• 7626
    mutluluk demek.

    bugün zaniolo'nun babasının, italya milli takımı antrenörünün açıklamalarını gördüm. onu hiç bu kadar mutlu görmedik diyorlar.

    torreira yönetime tüm teklifleri reddedin, ayrılmak istemiyorum diyor.

    icardi'nin resmi olarak bizimle bir bağı kalmadı ama galatasaray tişörtüyle fotoğraf paylaşıyor.

    mertens bir sene önce geldiğimde böyle bir camiaya geldiğimin farkında değildim, çok mutluyum diyor.

    biz nasıl bir camiayız böyle, parayla satın alınamayacak duyguları futbolcularımıza yaşatıyoruz, hiç kopmayacak bağlar kuruyoruz.

    elbet gidenler olacaktır, gidenin canı sağolsun, bizden büyük takıma giden herkes bunu hak etmiştir ve para kazandırarak gidecektir.

    gidenler gittikleri yerde bizi temsil edecekler, biz de gelenleri mutlu edeceğiz.

    yönetiminden, futbolcusuna, antrenöründen taraftarına galatasaray çok büyük bir camia. türkiye gibi orta doğu ülkesinin en değerli markası galatasaray.
  • 7627
    https://twitter.com/...KAOlB30GC2g&s=19

    sportif faaliyetlerin yanı sıra askere gidenler bilir rdm görevi de üstlenen kulübümüz.

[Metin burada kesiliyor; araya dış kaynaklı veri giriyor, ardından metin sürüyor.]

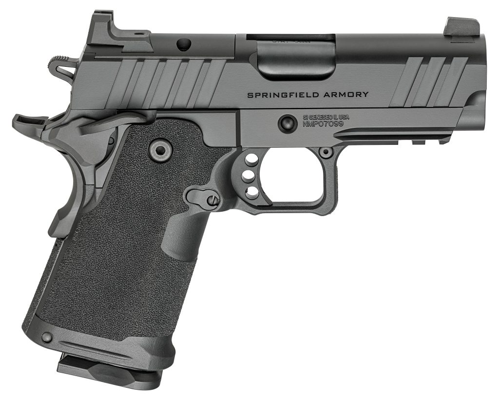 The Prodigy Compact from Springfield Armory® takes the proven 1911 platform and enhances it with double-stack capacity and a carry-focused feature set. Reconfigured around a 15-round double-stack magazine the Prodigy’s compact polymer grip module mounts to its lightweight aluminum frame to reduce weight while a shortened beavertail and recontoured hammer further downsize the overall footprint. Optics ready with a tritium front sight and and Picatinny rail the Prodigy Compact combines the most beloved characteristics of the 1911 with modern capacity for EDC. – Caliber 9mm – Color Black – Barrel 3.5 Forged Stainless Steel Black DLC Match Grade Bull 1:16 – Slide Forged Carbon Steel Black Cerakote® Optics-Ready – Frame Billet 7075-T6 Hardcoat Anodized Aluminum Black Cerakote® – Sights Tritium Front Black Serrated Rear – Recoil System Captured Guide Rod – Grips Polymer – Magazines (2) 15-Round – Weight 25.5 oz – Length 7 – Height 5.1

    nerede kendini yalnız hisseden, ailesinden sevgi görmemiş, takımında dışlanmış, hayatı umut sarıkaya'nın mutsuzluk karikatürlerine konu olmuş, özgüveni tükenmiş, tutunacak bir dal arayan sporcu var; doktor asteğmenden sevkini aldığı gibi floryadaki rdm koğuşunun kapısında beliriyor.
  • 7628
    küçük bir şehrin, kıyıda kalmış küçük bir mahallesinde yaşıyorduk. hayatın zorlukları belimizi büküyordu ama ben küçücük bir çocuktum ve anlamıyordum pek olanı biteni. "galatasaray şampiyon oldu yine." diyordu mahalledeki benden büyük çocuklar. "en büyük galatasaray" diyorlardı devamında da. babama anlatıyordum çocukların söylediklerini. babam da onaylıyordu. o da galatasaray'ı tutuyormuş. ben de galatasaraylıydım o zaman.

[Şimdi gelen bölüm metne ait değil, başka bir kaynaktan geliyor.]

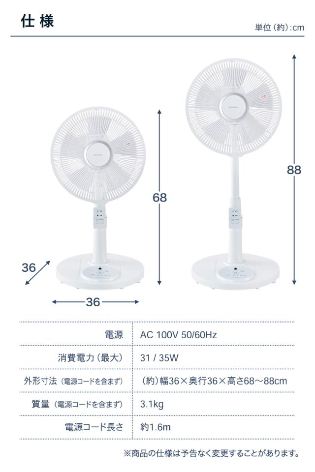 幅約36×奥行約36×高さ約68〜88(電源コード含まず)

    büyükler sokakta top oynarken izliyordum benden büyükleri. küçüğüm diye oynatmazlardı beni. kendi isimlerini değil de farklı isimler söylüyorlardı durmadan. onları izlemek beni çok heyecanlandırsa da anlam da veremiyordum pek. küçücük çocuktum ve anlamıyordum olanı biteni. misafirlerimizin olduğu bir akşam ilk kez televizyonda futbol maçı izledim. sarı-kırmızı parçalı formayı gördüğümde içimde bir heyecan oluştu sanki. sokakta maç yapan abilerimin bağırdığı isimler söyleniyordu. "bizim takım bunlar mı?" diye sordum babama. gözleriyle onayladı beni. içimde bayram sevinci ile hayran hayran bakakaldım ekrana.

    fenerbahçeli dedem, tütün parasını aldıktan sonra pazardan hagi forması almış bana. "fenerli olacaktı çocuk." diye babamla sitemliydi. onların atışmalarının içinde de dünyanın en mutlu çocuğu sokakta artık "hagi! hagi! hagi!" diye bağırmaya başlayacaktı.

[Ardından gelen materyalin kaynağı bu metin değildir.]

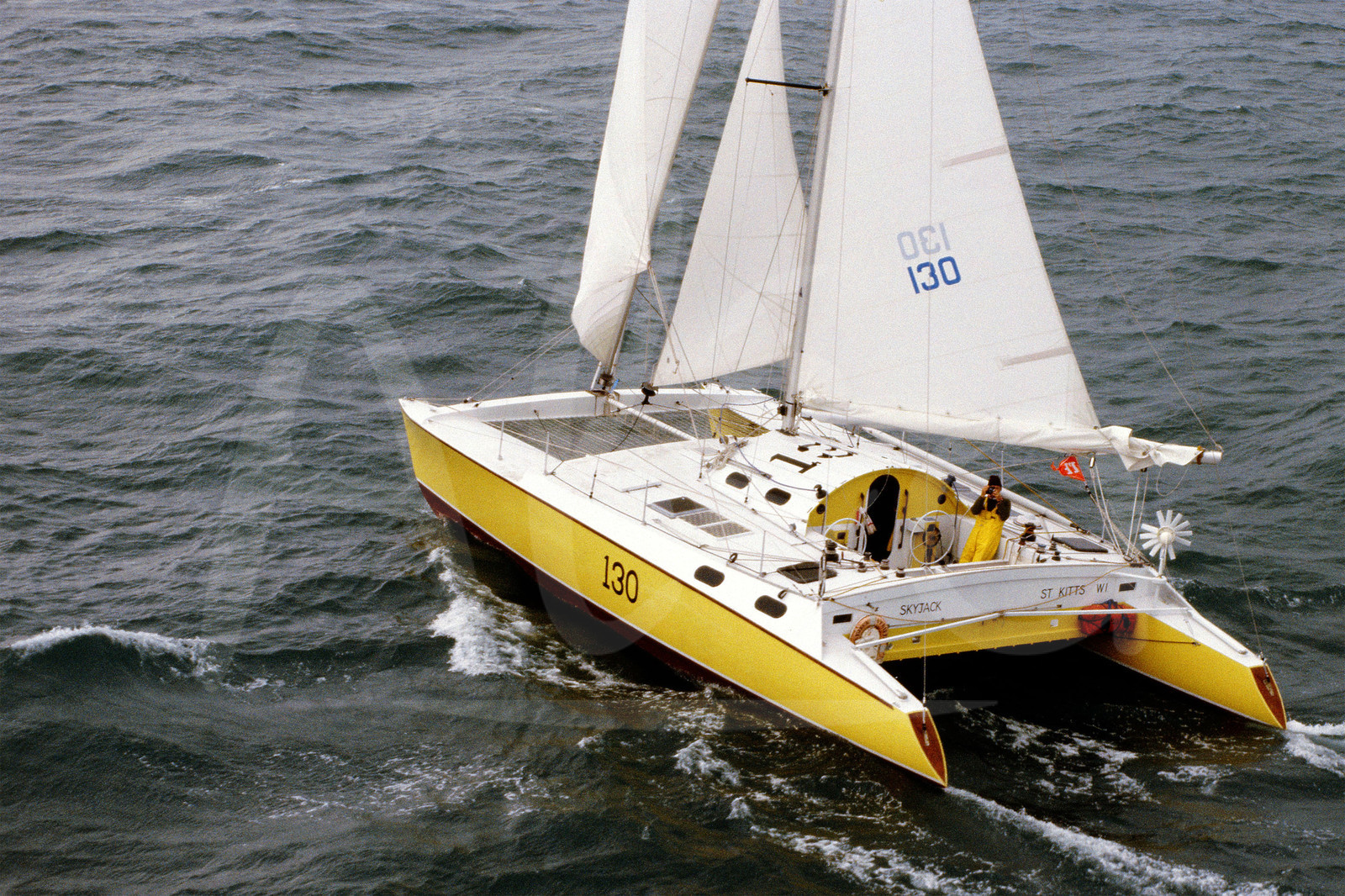 Description | SAILING - TRANSATLANTIC RACE - ROUTE DU RHUM HISTORY - PHOTO : BERNARD RUBINSTEIN / ALEA ROUTE DU RHUM 1978 - SKYJACK / SKIPPER : PHILIPPE WALWYN / 23RD |

    koskoca bir adamım artık. hala sokakta top oynayan çocukları gördüğümde aralarına dalıyorum. onları çalıma dizerken yine "hagi!" diye bağırıyorum. yıllar geçtikçe içimde büyüyen sevgiyi ise anlatacak ne söz ne de zaman bulamam. sevincim, kederim, derdim, sıkıntım, dostum, arkadaşım oldu galatasaray. her gün dilimde bir melodi gibi: çocukluk aşkımsın, sen ilk göz ağrımsın...
  • 7629
    ciddi ciddi mevcut sezonda dünyada popülerliğini arttıran kulübümüzdür. dünyanın her yerinden insanlarla görüşmek durumunda olduğum bir iş yapıyorum. konu bir şekilde futbola geldiğinde hemen hepsi galatasaray'ın kadrosundaki oyuncuların çok dikkat çekici olduğunu söylüyorlar. avrupada başarılı bir süreç geçirilmesi halinde 2000 başlarındaki evrensel popülerliğimize ulaşacağımızı hatta sosyal medya çağı nedeniyle daha ilerisine gidebileceğimizi düşünüyorum. alakasız insanlar benden forma istemeye başladı.

    örneğin dün hollanda merkezli bir şirketin daha önce hiç türkiyeye gelmemiş avukatı ile telefon görüşmesi yaptım. konu futbola geldi, kendisi koyu bir psv taraftarıymış. 2021 yazında bizi 5-1 yendikleri maçtan konuştuk. benden özellikle mertens forması istediğini söyledi.
  • 7632
    (bkz: #3630909)

    buradaki görüslerim bu sekildedir. bana göre resmi ideolojisi ve siyaseti itibariyle türkiye devleti'nin (hükümet demiyorum) bir cemaat ile veya bir baska olusumla iliskisi ne kadarsa galatasaray camiasinin da ondan daha az veya daha fazla degildir. galatasaray camiasi ile her ne kadar hepimizin kendince hayalleri olsa da reeldeki vaziyeti itibariyle türkiye devleti, hükümetlerden bagimsiz olarak çok daha iç içe geçmis iki olusumdur. türkiye'nin adeta özeti olmus "bir varmis, bir yokmus" anlayisi karsisinda bir zorunluluk haline gelen esnekligi galatasaray, zamanin kosullari uyarinca göstermistir ve kurulus ilkelerinden de taviz vermeden derin devlet pozisyonunu her daim korumustur. bu durumda marjinal kalan ise, tamamen kendi tercihleri nedeniyle fenerbahçe camiasi olmustur. "kontrollü muhalefet" argümani misali fenerbahçe de tüm iteklemelere ragmen son on yilda, hatta belki de son otuz yilda "kontrollü ikinci" rolünden öteye gidememistir. bunu da kendileri istemistir. kendileri sanki "sütten çikmis ak kasik" fakat bu yönde bir role bürünerek aslinda kendi kendilerini ötekilestirdiler ve çogu zaman bizim bile ayak uydurmakta zorlandigimiz gündemin sürekli uzaginda kaldilar. galatasaray'in kulüp refleksleri bu gibi konularda hakikaten çok enteresan.
  • 7639
    cumhuriyet'in 100. yılında, cumhuriyetin başkenti ankara'da, 2023 yılında 23. şampiyonluğunu ilan etmiş kulübümüz, hayatımız, her şeyimiz.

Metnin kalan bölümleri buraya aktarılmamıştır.